PROBLEM STATEMENT> Return every record below exactly as written, omitting any pictures.

Recorded data:
[Start of section]
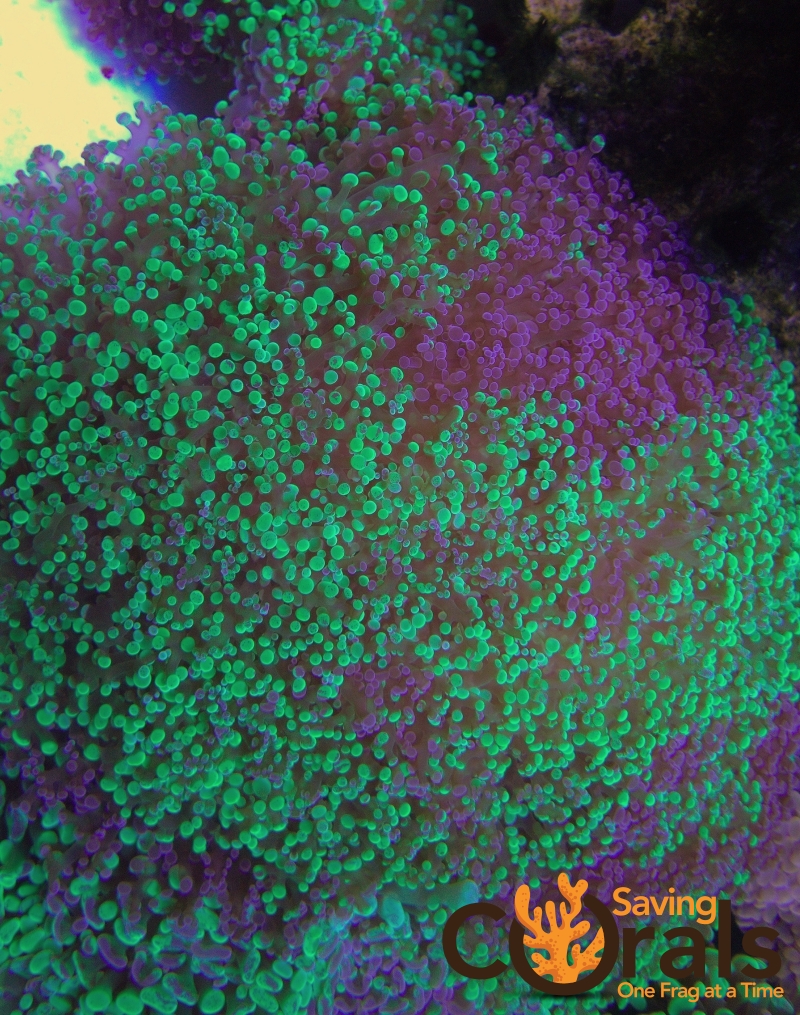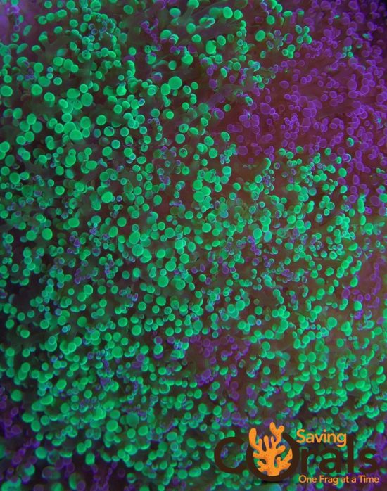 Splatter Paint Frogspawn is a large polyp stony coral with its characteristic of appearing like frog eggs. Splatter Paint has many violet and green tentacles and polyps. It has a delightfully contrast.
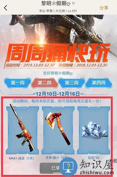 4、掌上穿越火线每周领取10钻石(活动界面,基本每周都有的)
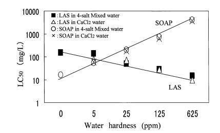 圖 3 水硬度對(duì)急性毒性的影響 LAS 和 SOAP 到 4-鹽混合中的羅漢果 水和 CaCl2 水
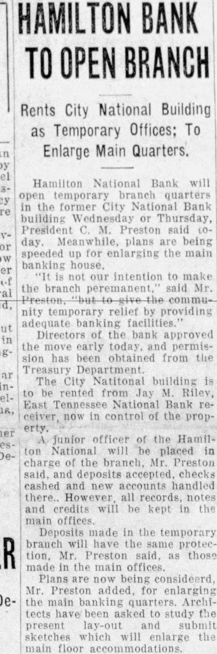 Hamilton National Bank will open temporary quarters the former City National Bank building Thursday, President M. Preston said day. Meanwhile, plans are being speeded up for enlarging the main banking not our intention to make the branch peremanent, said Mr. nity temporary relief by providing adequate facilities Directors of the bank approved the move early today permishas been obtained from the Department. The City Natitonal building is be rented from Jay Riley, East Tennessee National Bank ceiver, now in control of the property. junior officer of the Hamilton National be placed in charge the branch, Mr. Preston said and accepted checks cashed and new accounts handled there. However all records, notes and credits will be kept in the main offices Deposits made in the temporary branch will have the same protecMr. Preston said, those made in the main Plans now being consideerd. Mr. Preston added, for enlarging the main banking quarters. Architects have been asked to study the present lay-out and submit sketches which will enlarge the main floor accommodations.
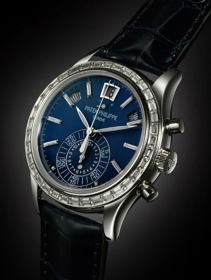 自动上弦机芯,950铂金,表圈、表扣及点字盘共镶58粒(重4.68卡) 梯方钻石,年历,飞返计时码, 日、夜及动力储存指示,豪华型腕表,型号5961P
[End of section]
RESULT FOR THIS EXERCISE>
 Splatter Paint Frogspawn is a large polyp stony coral with its characteristic of appearing like frog eggs. Splatter Paint has many violet and green tentacles and polyps. It has a delightfully contrast.
 4、掌上穿越火线每周领取10钻石(活动界面,基本每周都有的)
 圖 3 水硬度對(duì)急性毒性的影響 LAS 和 SOAP 到 4-鹽混合中的羅漢果 水和 CaCl2 水
 Hamilton National Bank will open temporary quarters the former City National Bank building Thursday, President M. Preston said day. Meanwhile, plans are being speeded up for enlarging the main banking not our intention to make the branch peremanent, said Mr. nity temporary relief by providing adequate facilities Directors of the bank approved the move early today permishas been obtained from the Department. The City Natitonal building is be rented from Jay Riley, East Tennessee National Bank ceiver, now in control of the property. junior officer of the Hamilton National be placed in charge the branch, Mr. Preston said and accepted checks cashed and new accounts handled there. However all records, notes and credits will be kept in the main offices Deposits made in the temporary branch will have the same protecMr. Preston said, those made in the main Plans now being consideerd. Mr. Preston added, for enlarging the main banking quarters. Architects have been asked to study the present lay-out and submit sketches which will enlarge the main floor accommodations.
 自动上弦机芯,950铂金,表圈、表扣及点字盘共镶58粒(重4.68卡) 梯方钻石,年历,飞返计时码, 日、夜及动力储存指示,豪华型腕表,型号5961P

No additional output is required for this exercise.